• [Given material]
━━━━━━━━━━

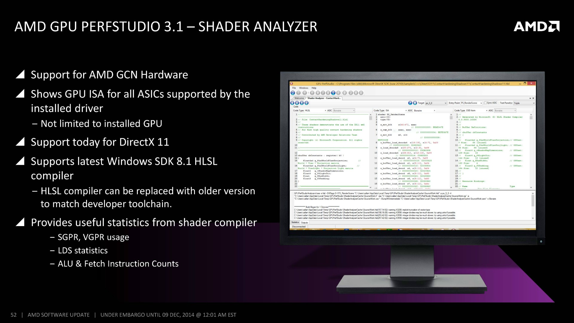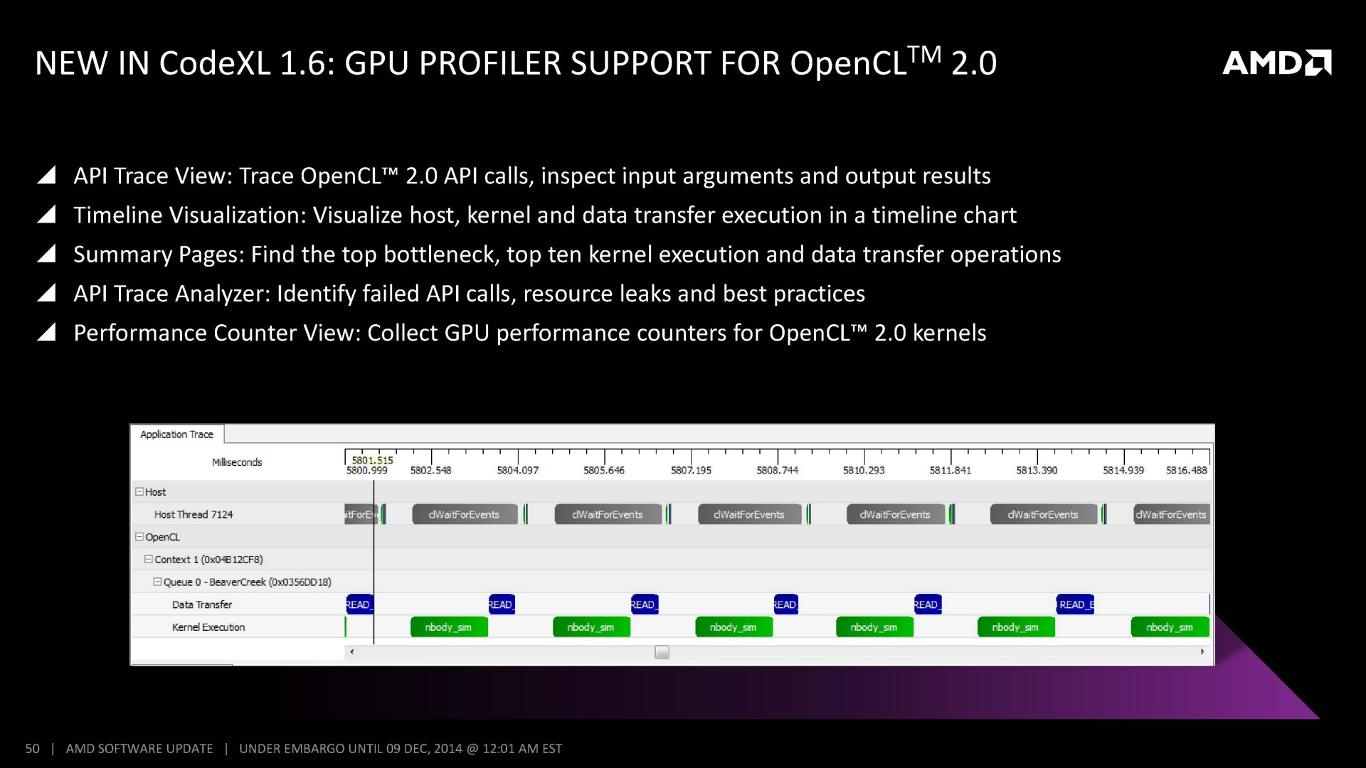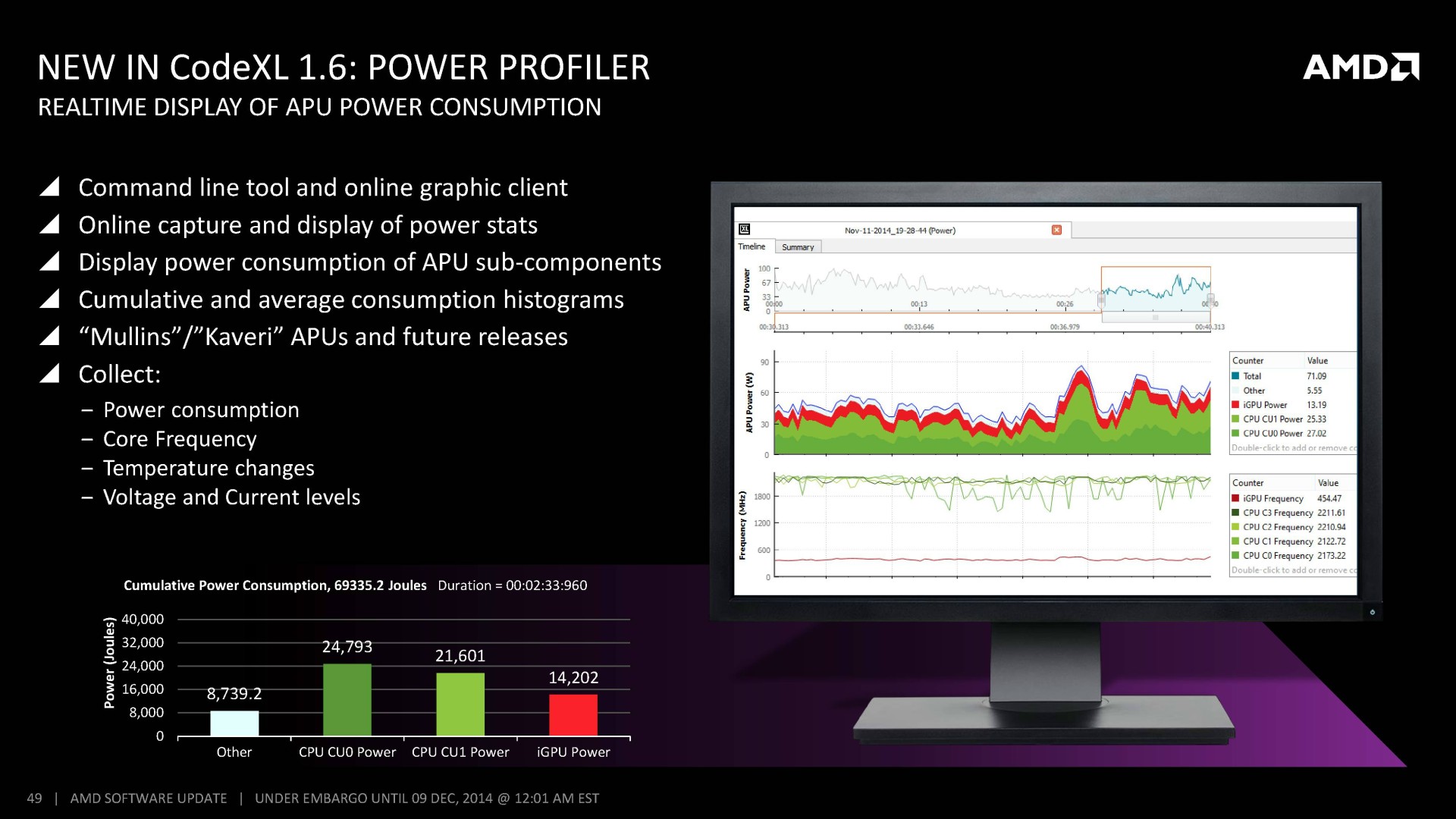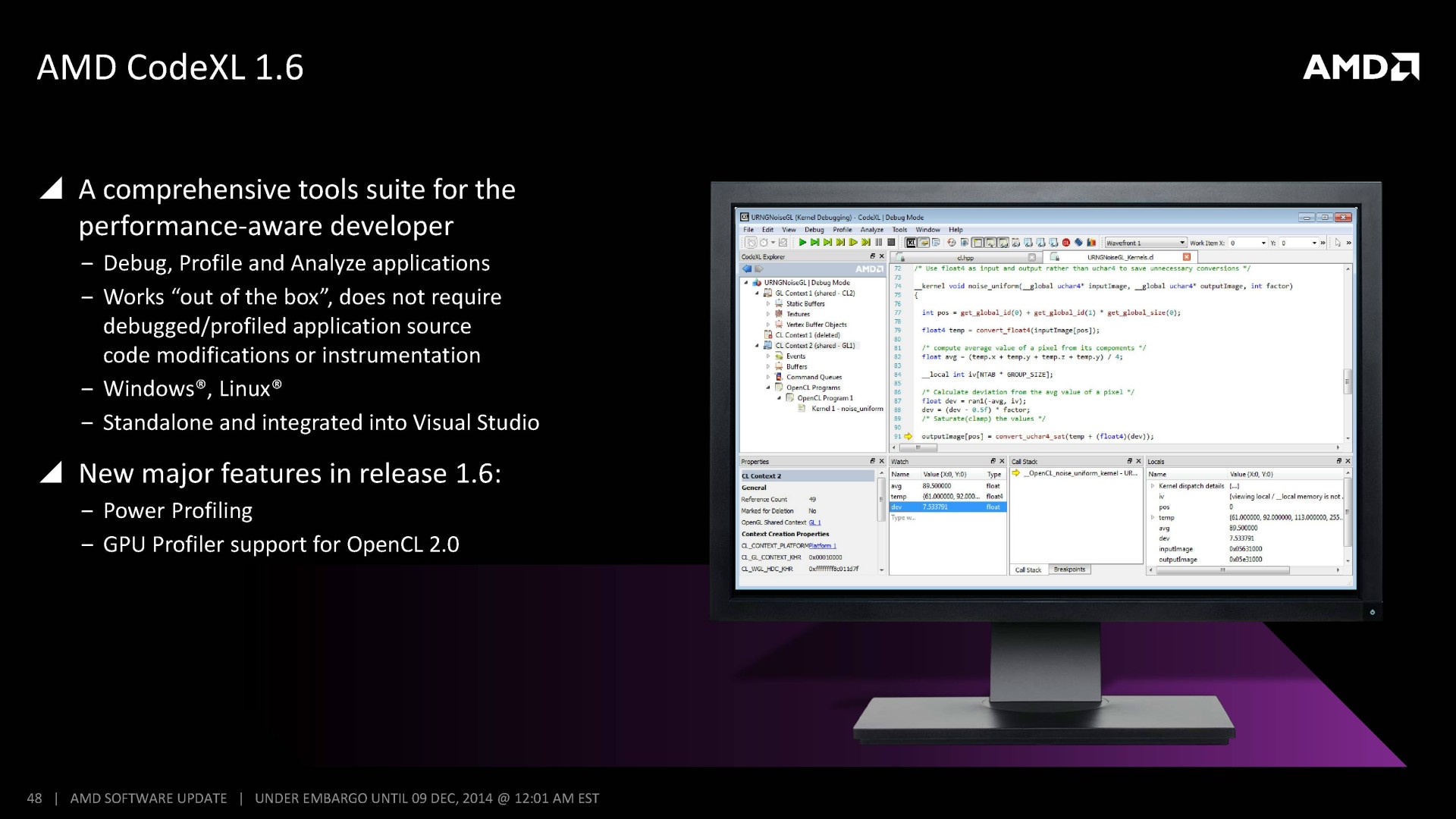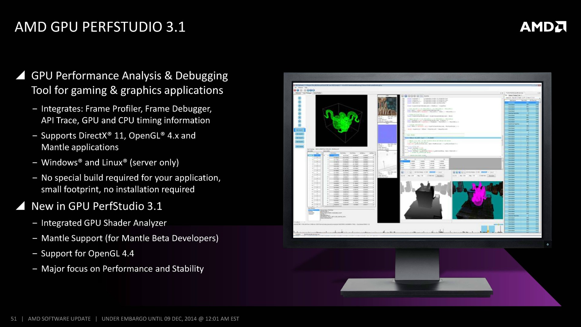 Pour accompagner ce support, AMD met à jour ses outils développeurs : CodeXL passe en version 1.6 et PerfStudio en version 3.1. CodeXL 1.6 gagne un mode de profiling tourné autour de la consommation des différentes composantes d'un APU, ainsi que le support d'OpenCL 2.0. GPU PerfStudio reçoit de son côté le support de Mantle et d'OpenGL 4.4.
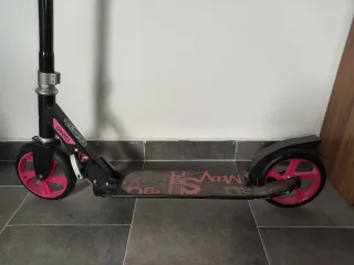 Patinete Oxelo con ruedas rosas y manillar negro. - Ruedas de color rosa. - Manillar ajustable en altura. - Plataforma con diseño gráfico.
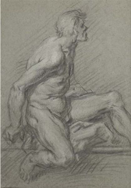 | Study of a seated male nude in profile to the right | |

━━━━━━━━━━

• [What to do] When you restate the listing, keep every word as it is and drop the pictures.

• [Written answer]
 Pour accompagner ce support, AMD met à jour ses outils développeurs : CodeXL passe en version 1.6 et PerfStudio en version 3.1. CodeXL 1.6 gagne un mode de profiling tourné autour de la consommation des différentes composantes d'un APU, ainsi que le support d'OpenCL 2.0. GPU PerfStudio reçoit de son côté le support de Mantle et d'OpenGL 4.4.
 Patinete Oxelo con ruedas rosas y manillar negro. - Ruedas de color rosa. - Manillar ajustable en altura. - Plataforma con diseño gráfico.
 | Study of a seated male nude in profile to the right | |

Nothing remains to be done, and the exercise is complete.